*** Opening of ENTRIES PROVIDED ***
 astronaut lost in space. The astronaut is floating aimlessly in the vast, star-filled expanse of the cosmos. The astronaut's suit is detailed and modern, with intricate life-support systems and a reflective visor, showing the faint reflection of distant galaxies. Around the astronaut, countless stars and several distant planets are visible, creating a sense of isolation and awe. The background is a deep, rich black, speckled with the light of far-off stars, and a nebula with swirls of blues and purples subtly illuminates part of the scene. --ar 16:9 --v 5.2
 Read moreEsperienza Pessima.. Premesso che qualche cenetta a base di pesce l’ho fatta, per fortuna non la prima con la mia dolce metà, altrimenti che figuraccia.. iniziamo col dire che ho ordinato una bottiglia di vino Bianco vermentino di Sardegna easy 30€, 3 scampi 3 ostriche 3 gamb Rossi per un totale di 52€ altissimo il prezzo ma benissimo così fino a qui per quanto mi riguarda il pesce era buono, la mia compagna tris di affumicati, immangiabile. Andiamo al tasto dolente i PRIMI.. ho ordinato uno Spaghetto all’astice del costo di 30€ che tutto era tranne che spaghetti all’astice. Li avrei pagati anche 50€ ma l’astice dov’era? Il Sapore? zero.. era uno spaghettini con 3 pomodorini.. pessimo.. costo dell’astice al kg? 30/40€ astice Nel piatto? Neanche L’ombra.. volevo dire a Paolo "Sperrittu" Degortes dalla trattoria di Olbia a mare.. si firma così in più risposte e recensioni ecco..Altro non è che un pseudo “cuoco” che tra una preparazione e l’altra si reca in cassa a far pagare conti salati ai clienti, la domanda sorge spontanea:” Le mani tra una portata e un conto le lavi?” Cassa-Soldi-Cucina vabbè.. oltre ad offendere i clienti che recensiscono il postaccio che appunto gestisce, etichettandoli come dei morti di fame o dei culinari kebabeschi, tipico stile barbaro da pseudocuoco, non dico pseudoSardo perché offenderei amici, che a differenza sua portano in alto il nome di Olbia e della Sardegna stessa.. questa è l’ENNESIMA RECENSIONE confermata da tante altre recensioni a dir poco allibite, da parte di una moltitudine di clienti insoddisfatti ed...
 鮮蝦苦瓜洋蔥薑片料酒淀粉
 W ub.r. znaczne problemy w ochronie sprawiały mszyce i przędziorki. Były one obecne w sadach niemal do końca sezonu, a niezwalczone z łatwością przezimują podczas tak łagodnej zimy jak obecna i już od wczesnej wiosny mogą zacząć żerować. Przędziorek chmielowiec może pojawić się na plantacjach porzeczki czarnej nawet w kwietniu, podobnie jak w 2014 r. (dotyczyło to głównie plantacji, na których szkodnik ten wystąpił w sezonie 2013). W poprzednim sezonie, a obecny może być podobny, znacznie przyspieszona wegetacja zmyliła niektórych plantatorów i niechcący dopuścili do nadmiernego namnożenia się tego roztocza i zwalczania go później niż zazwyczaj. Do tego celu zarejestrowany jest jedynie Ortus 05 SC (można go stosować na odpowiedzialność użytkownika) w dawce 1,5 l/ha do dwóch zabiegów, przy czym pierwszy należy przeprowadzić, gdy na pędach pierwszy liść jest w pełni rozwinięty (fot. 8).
*** Close of ENTRIES PROVIDED ***
*** Opening of ENTRIES PROVIDED ***
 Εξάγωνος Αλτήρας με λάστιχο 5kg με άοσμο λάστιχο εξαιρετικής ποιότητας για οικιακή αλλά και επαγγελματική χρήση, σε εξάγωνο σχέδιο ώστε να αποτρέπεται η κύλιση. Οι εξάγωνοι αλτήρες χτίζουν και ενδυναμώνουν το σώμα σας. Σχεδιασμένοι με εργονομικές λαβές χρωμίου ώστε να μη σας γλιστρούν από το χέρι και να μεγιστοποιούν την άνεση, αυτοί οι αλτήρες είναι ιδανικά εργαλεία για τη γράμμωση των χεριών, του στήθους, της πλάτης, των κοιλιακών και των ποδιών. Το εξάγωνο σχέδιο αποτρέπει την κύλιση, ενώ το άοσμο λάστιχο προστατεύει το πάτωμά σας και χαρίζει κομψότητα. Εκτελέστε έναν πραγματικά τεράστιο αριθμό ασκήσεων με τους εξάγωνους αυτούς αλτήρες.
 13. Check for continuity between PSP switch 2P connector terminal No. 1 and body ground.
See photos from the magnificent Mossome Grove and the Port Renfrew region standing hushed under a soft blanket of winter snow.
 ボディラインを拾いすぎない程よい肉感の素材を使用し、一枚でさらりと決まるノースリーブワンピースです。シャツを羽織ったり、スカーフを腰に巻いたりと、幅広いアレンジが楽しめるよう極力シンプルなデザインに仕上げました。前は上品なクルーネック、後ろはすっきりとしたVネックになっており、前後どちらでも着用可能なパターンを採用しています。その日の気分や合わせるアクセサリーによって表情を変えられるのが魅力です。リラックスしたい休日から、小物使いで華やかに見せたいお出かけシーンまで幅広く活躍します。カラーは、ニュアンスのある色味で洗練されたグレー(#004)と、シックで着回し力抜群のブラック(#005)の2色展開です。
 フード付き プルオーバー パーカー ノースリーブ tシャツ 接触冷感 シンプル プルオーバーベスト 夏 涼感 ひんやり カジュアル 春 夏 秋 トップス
*** Close of ENTRIES PROVIDED ***
*** Opening of ENTRIES PROVIDED ***
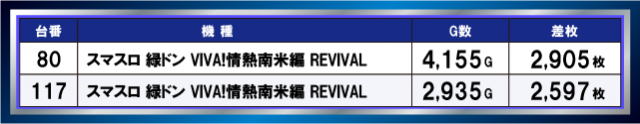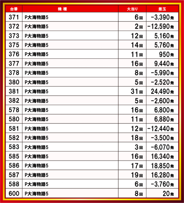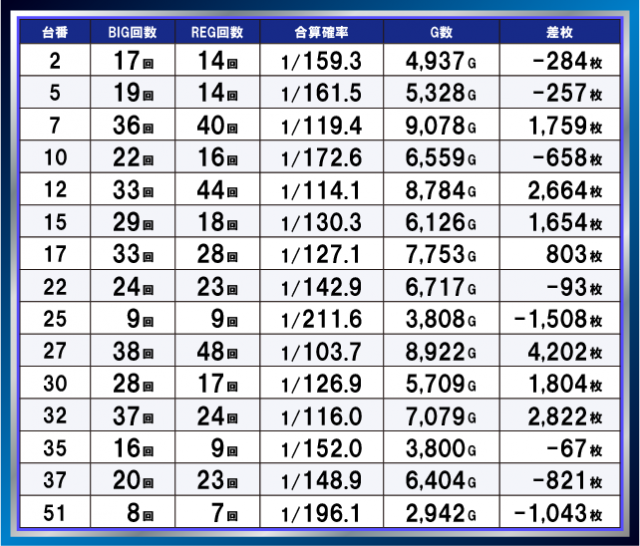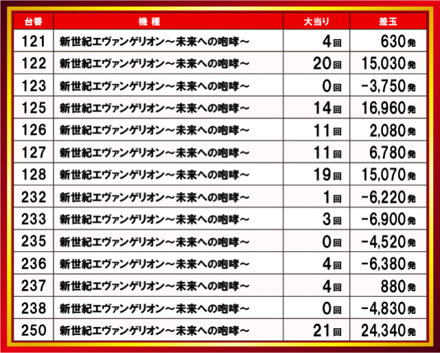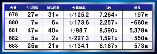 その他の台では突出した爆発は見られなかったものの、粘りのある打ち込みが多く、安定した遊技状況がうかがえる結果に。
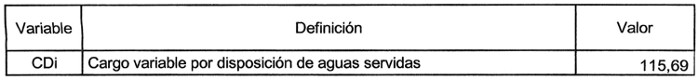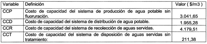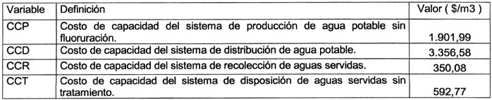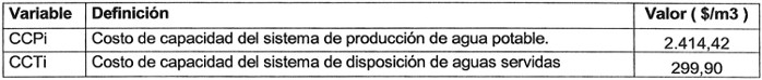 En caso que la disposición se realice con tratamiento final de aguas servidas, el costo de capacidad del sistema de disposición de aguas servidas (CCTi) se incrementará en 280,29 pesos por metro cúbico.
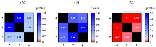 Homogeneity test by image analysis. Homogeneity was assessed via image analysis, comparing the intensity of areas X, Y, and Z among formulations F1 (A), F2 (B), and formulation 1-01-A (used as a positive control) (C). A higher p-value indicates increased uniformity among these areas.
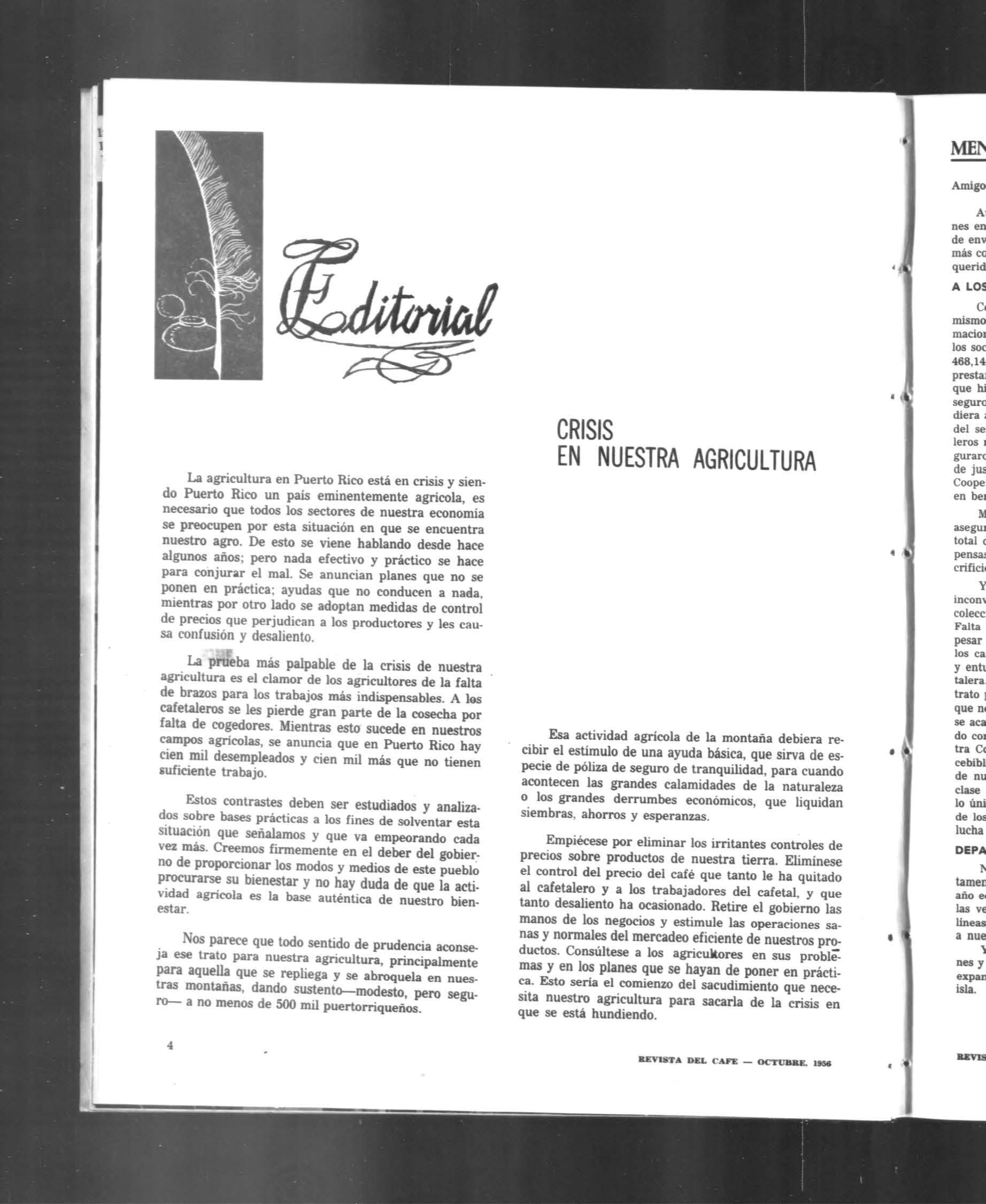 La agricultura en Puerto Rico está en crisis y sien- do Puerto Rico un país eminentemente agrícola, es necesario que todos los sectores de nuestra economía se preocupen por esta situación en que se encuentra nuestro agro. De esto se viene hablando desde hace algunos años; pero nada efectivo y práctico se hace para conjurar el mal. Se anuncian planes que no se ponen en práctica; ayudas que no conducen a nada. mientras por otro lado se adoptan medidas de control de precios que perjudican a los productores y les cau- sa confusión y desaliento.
*** Close of ENTRIES PROVIDED ***
TASK REQUIREMENTS: Please return the material above only from the line that holds "Homogeneity test by" through the line that holds "La agricultura en", exactly as it stands, ends included and pictures omitted.

FINAL ANSWER:
 Homogeneity test by image analysis. Homogeneity was assessed via image analysis, comparing the intensity of areas X, Y, and Z among formulations F1 (A), F2 (B), and formulation 1-01-A (used as a positive control) (C). A higher p-value indicates increased uniformity among these areas.
 La agricultura en Puerto Rico está en crisis y sien- do Puerto Rico un país eminentemente agrícola, es necesario que todos los sectores de nuestra economía se preocupen por esta situación en que se encuentra nuestro agro. De esto se viene hablando desde hace algunos años; pero nada efectivo y práctico se hace para conjurar el mal. Se anuncian planes que no se ponen en práctica; ayudas que no conducen a nada. mientras por otro lado se adoptan medidas de control de precios que perjudican a los productores y les cau- sa confusión y desaliento.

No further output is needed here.